We are approaching the heart of earnings season so keep watching for earnings releases and what CEOs are telling us about their capital investment plans for 2018.

Chart of the Week!
How is wealth owned?
Economic & Central Banking Snippets
- The Senate officially confirmed Jerome Powell this week to become the 16th chairman of the Federal Reserve, clearing the way for a new leader to continue raising interest rates and keep the economic expansion on track.
- Japan’s exports grew less than anticipated in December, but shipments to the rest of Asia and China both notched their highest on record. The value of exports rose 9.3% (YOY) which marked 13 straight months of expansion. (FT)

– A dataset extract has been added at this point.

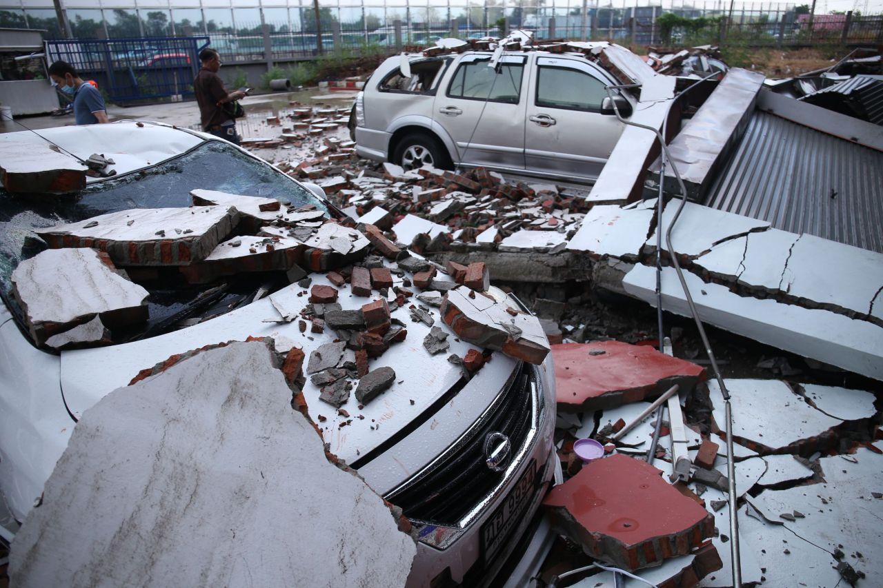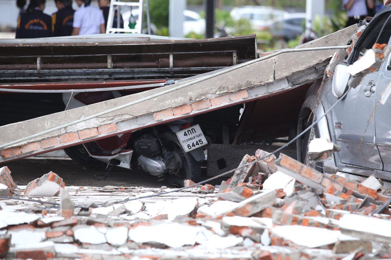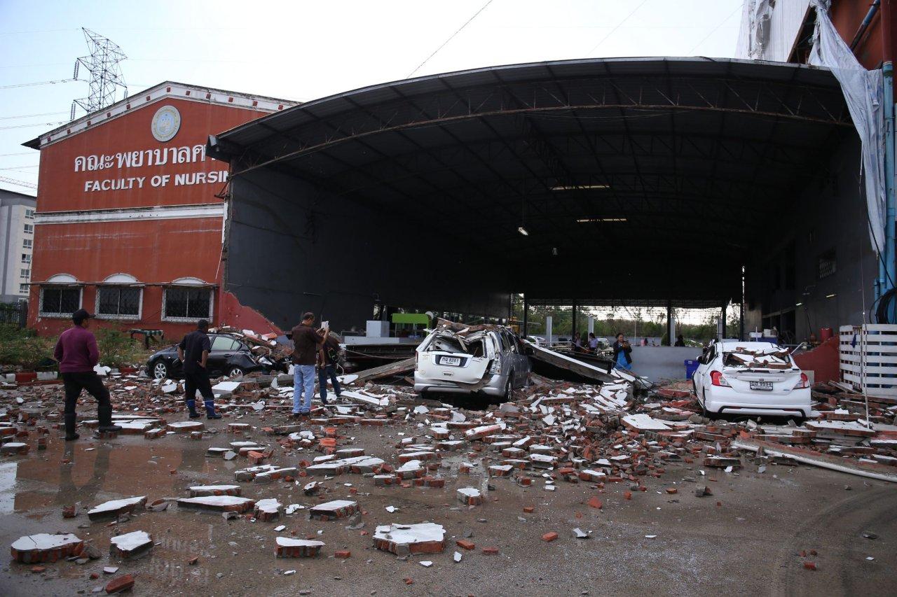 พายุถล่มลำลูกกา ผนังคอนกรีตของโรงอาหารมหาวิทยาลัยเวสเทิร์น ถูกลมพัดพังถล่มทับรถยนต์ และจยย.ของเจ้าหน้าที่มหาวิทยาลัยเสียหายรวม 6 คัน โชคดีไม่มีผู้บาดเจ็บ...

- US economic growth undershot expectations for Q4 with GDP expanding at 2.6% which was the lowest rate since the start of 2017. The reduced pace of growth reflected a drag from trade imports while rising inventories offset the strength in consumer spending. There may have also been some distortions due to a change in tax laws as companies may have chosen to book some of their business into 2018 – we will have to wait several weeks to know this for sure. Net trade caused a haircut to GDP in Q4 as the surge in imports subtracted -1.96% from the final GDP number.
- There was good news in nonresidential fixed investment (spending on equipment, structures and intellectual property) as it rose 6.8% in Q4 after rising 4.7% in Q3. A contribution of 0.84% to the annualized Q4 GDP’s bottom line.

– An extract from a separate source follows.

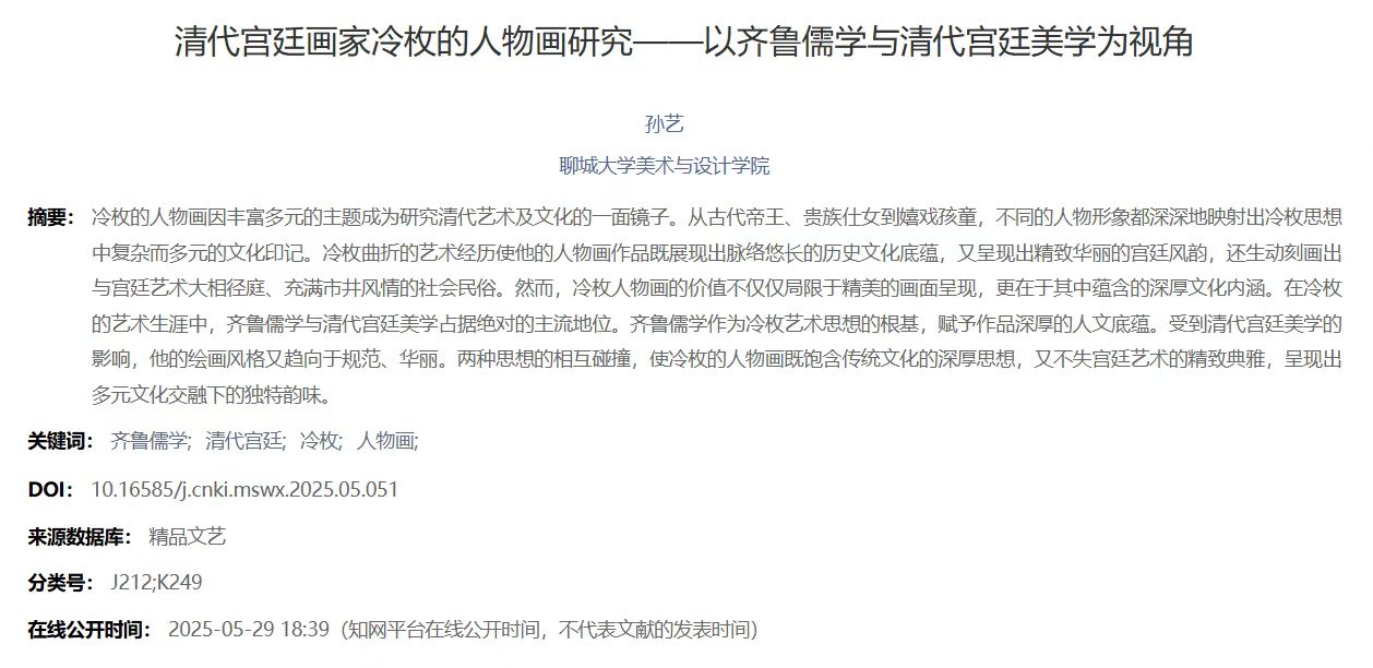 2025年5月论文《清代宫廷画家冷枚人物画研究——以齐鲁儒学与清代宫廷美学为视角》发表于《美术文献》;

- Real disposable personal income (adjusted for taxes and inflation) increased 1.1% in Q4 after increasing 0.5% in Q3.
- For inflation watchers, prices of goods and services purchased by U.S. residents increased 2.5% in the fourth quarter after increasing 1.7% in the third quarter.
- For 2017, the increase in real GDP reflects increases in consumer spending, business investment, and exports. These contributions were partly offset by a decrease in inventories while imports increased. Prices of goods and services purchased by U.S. residents increased 1.8% in 2017, compared with an increase of 1.0% in 2016. Excluding food and energy, prices increased 1.7% in 2017 after increasing 1.4% in 2016.
Market Snippets
- According to Ernst & Young which researched the cryptocurrency world’s nearly 400 initial coin offerings (ICOs), more than 10% of funds raised through ICOs have been either lost or stolen. The report says fundraising has been waning as only 25% of ICOs are hitting their fundraising targets in November verses 90% in June (2017). E&Y’s Paul Brody: “We were shocked by the quality of some of the white papers, we see clear coding errors and we see conflicts of interest between the companies issuing tokens and the community of token holders.”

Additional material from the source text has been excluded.